My daughter's soccer team, about which I have posted many times, had their third game of the fall season this past saturday. Good news: They won, 7-6! (Go Butterflies!!!)
All of the girls played hard & well, used strategy (a new thing for them), played fair, were uncomplaining, and most importantly, they all seemed to have a good time.
At the end of the game, there were smiles and high-fives all around... or so I thought. While I was talking to one of the girls, her mother approached the coach (I'm the assistant coach) to complain that her daughter only played three minutes in the first half of the game, and that she didn't like the way substitutions were made (I make the substitutions), and that some girls got more time on field than others, and blah blah blah.
I didn't know about this until after the conversation was over. The coach mentioned it to me and told me that she didn't want to include me in the conversation because she knew I would have had a lot of fairly sharp things to say.

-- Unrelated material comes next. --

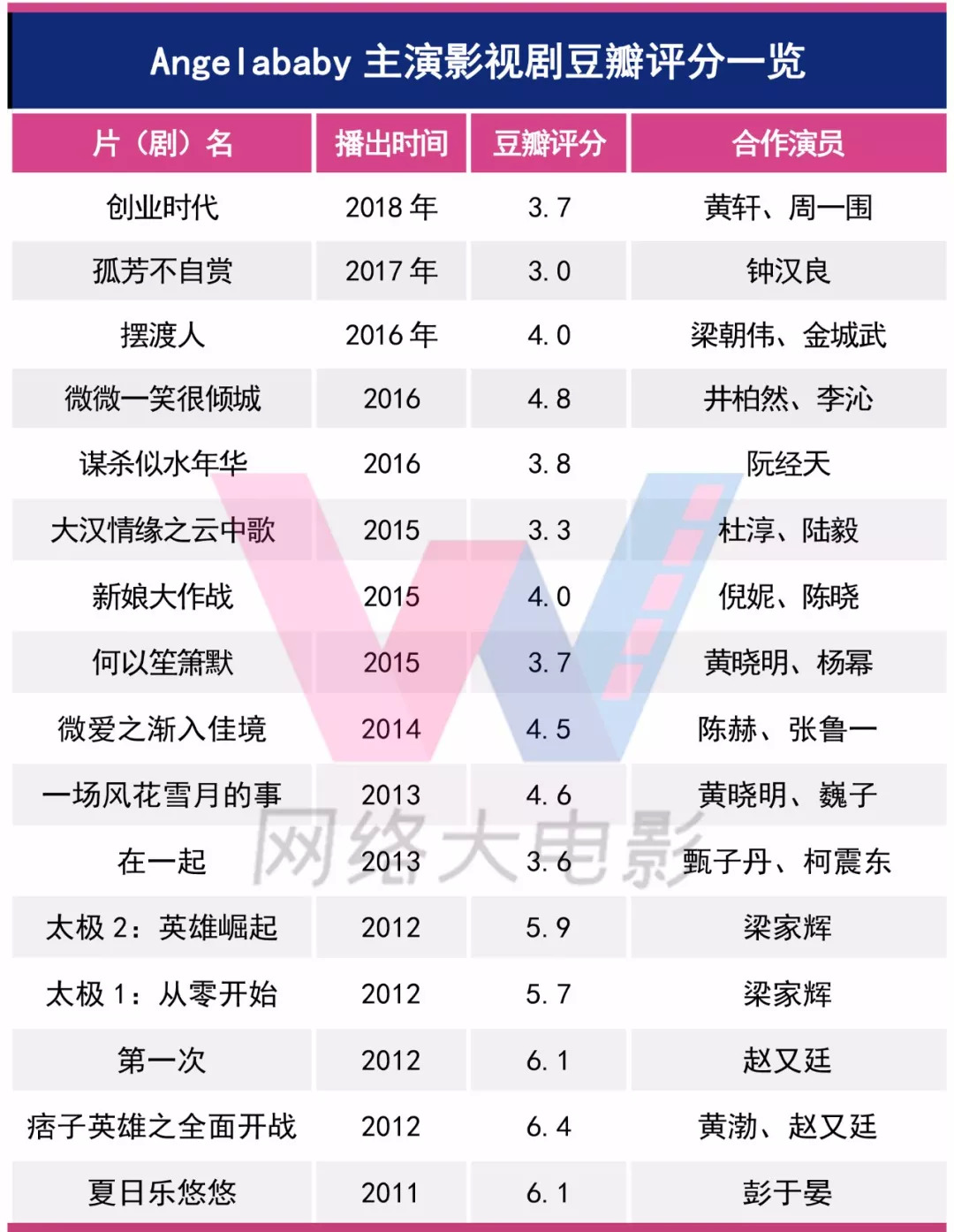 网视互联(ID:wxs360)统计了Angelababy主演影视剧的豆瓣评分情况发现,最高分是2012年跟黄渤、赵又廷主演的《痞子英雄之全面开战》,6.4分,最低分是2017年跟钟汉良主演的《孤芳不自赏》,只有3.0分。

She was right.
First things first. This poor child has got some serious developmental problems as a result of having fetal alcohol syndrome as an infant, having severe ADHD, and parents that won't/can't control their children (she has four siblings, all with similar problems). I mention this, because this child is a good kid, but because of her issues, she absorbs about 60 percent of my time during practice... when her mother can bother to bring her (which is only about half the time).
Her mother, when she comes to practice, uses the time to either nap in a lawn chair or natter on with the other moms. This mom/child frequently miss practice.

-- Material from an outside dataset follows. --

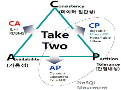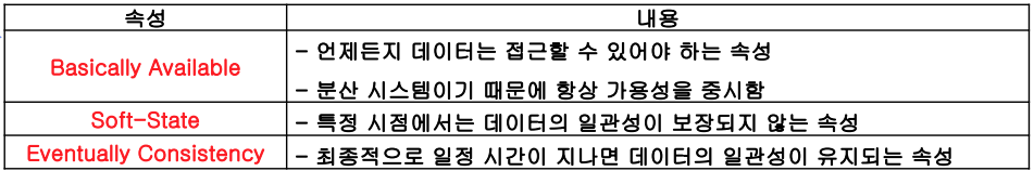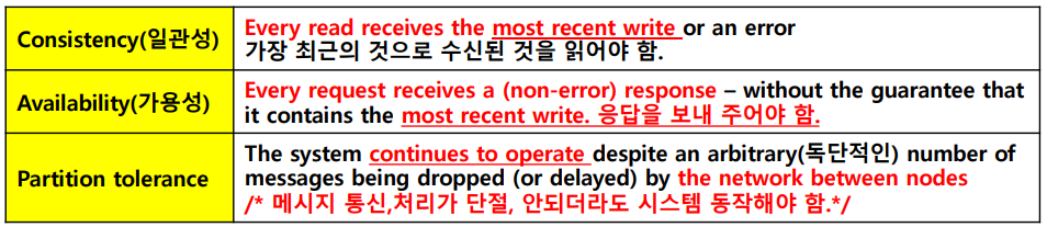 - CAP 이론에 따르면 분산 데이터베이스 시 스템은 네트워크 파티션이 발생하였을 때 세 가지 속성 중 두 가지만 만족할 수 있다

This child frequently refuses to run. I understand her issues, but in fairness to the other players, soccer requires a certain amount of wind. You can't play soccer if you can't run up and down the field.
I played that kid for 5 minutes in the first half and for 14 in the second. She had 19 minutes out of 48, in those 19 minutes, she did as well as she could be expected to do.
The other girls were plated for what their best levels were... my own kid, for example, got 22 minutes of playing time. She has great wind, but really doesn't like the physical confrontation of soccer, she can score goals, but only sometimes. Another kid, we'll call Karen, is a real gazelle, she can run, dribble, and shoot. She had three goals this week. She got 30 minutes.
My point here is that all of the girls get to play, from the one that is really good all the way to the ones that really suck (out of 8 girls, only 5 of them really have much of a clue). I play them according to their skills, abilities, and whether or not the came to practice the week of the game. Why should the kids that make a commitment suffer?
It was a great morning of soccer, ruined.
I was really bothered the rest of the day, because xxxxxxx played so well. She really did.
I decided that I would speak to the mom about it, but when we had practice last night, I found that I couldn't. I was still too irritated. Probably best to let it go... unless it happens again.
3 comments:
I applaud your willingness to coach and face the wrath of *parents* who can be less than...gracious.
I went to as many of my kids soccer, softball, b-ball-etc. games as my schedule would allow and it never ceased to amaze and dismay me how combative parents were with coaches & other players.
At a T-ball game, a parent physically attacked a coach & teen-aged umpire.
My daughter played in both park district (everybody plays) leagues and highly competitive, skill building-prep for hs / college level soccer leages and the attitudes of many parents was the same in both. It is the one aspect of her / their sports years that I don't miss. Not one bit.
Play On.
Deborah
Welcome Poppet,
May I ask what I said in my post that would lead you think I said anything negative about this child, or any other disabled child playing on the team?
Allow me to reiterate... I said that this kid had a great game... she did. I said that I played her to her ability level, which isn't great, I did.
One thing I didn't mention is tha there is one painfully shy girl on the team that is only there because her parents make her play. She doesn't like soccer, doesn't want to run, doesn't like wearing shoes and will rarely kick the ball when it comes her way. She plays, too, although she got even less time than the aforementioned girl did.
In our league, everybody plays.
As a coach I try to get the right combination of strong and weak players on the field, to give the girls the best chance of being competitive. Winning isn't important at this level, they are only 7... but not getting slaughtered IS important.
Some teams only take players that they know are competitive. We''l take pretty much anyone.
I have a co-worker that coaches at the advanced level. I told him about this particular kid. He said he wouldn't have taken her in the first place.
We aren't like that.
So, get your panties out of a knot, and try to read what I wrote in the first place... it might help.
Regards,
GF
Yeah for the win!
I think it's best to not let that mother ruin the fun of the day. I doubt anything you would say could change her. Shine it on, keep giving those kids your best. It may have to be enough to know you're doing your best with her daughter despite the mother's immaturity.